Yogurt distribution center improves Wisconsin's business culture


They don't call Wisconsin "America's Dairyland" for nothing.

While the country's thirst for milk is on the decline, the growing appetite for yogurt is boosting business in the Wisconsin community of Richland Center. The Wisconsin State Journal reports that dairy company Schreiber Foods will begin construction of a 33,000 square foot yogurt distribution center there later this month. It will allow for increased production and shipping from the site. Company leaders plan to break ground by mid-April and complete construction in the fall.

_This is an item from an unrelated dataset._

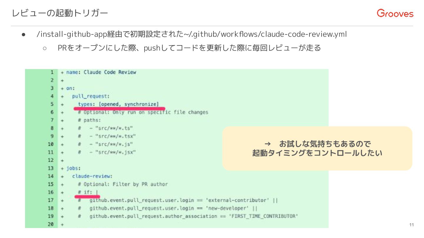 11 レビューの起動トリガー • /install-github-app経由で初期設定された~/.github/workflows/claude-code-review.yml ◦ PRをオープンにした際、pushしてコードを更新した際に毎回レビューが走る → お試しな気持ちもあるので 起動タイミングをコントロールしたい

The story noted that Schreiber Foods, based in Green Bay, already operates a pair of yogurt plants in Richland Center and recently made a major investment to expand, automate and update the facilities there.

“If you look at the country, yogurt is growing a lot,” said manager Joe Steinocher. “In the last five years or so, we’ve spent over $100 million on these two facilities. So we’re trying to keep up with it.”

Last December, Forbes magazine listed Schreiber Foods, with an international workforce of around 7,000, as 88th on its list of America's largest privately held companies. It called Schreiber Foods "...the world's largest customer-brand dairy company. The company provides cheese, yogurt and private-label products to fast food operations, grocery chains and wholesalers" and added that the company distributes products produced in its 35 plants in the U.S., Germany, Mexico, India and Brazil. McDonald’s and Wal-Mart are clients for the more than 575 types of cheese and other dairy products it develops, manufactures and distributes under brand names of its customers rather than its own.

Schreiber entered the yogurt market in Richland Center in 2005. The company employs about 400 in its Richland Center operations. About 20 workers have been hired for the plants since the beginning of this year, with 20 other jobs still open and another 10 to 15 positions expected to be added after the distribution center is finished in the fall.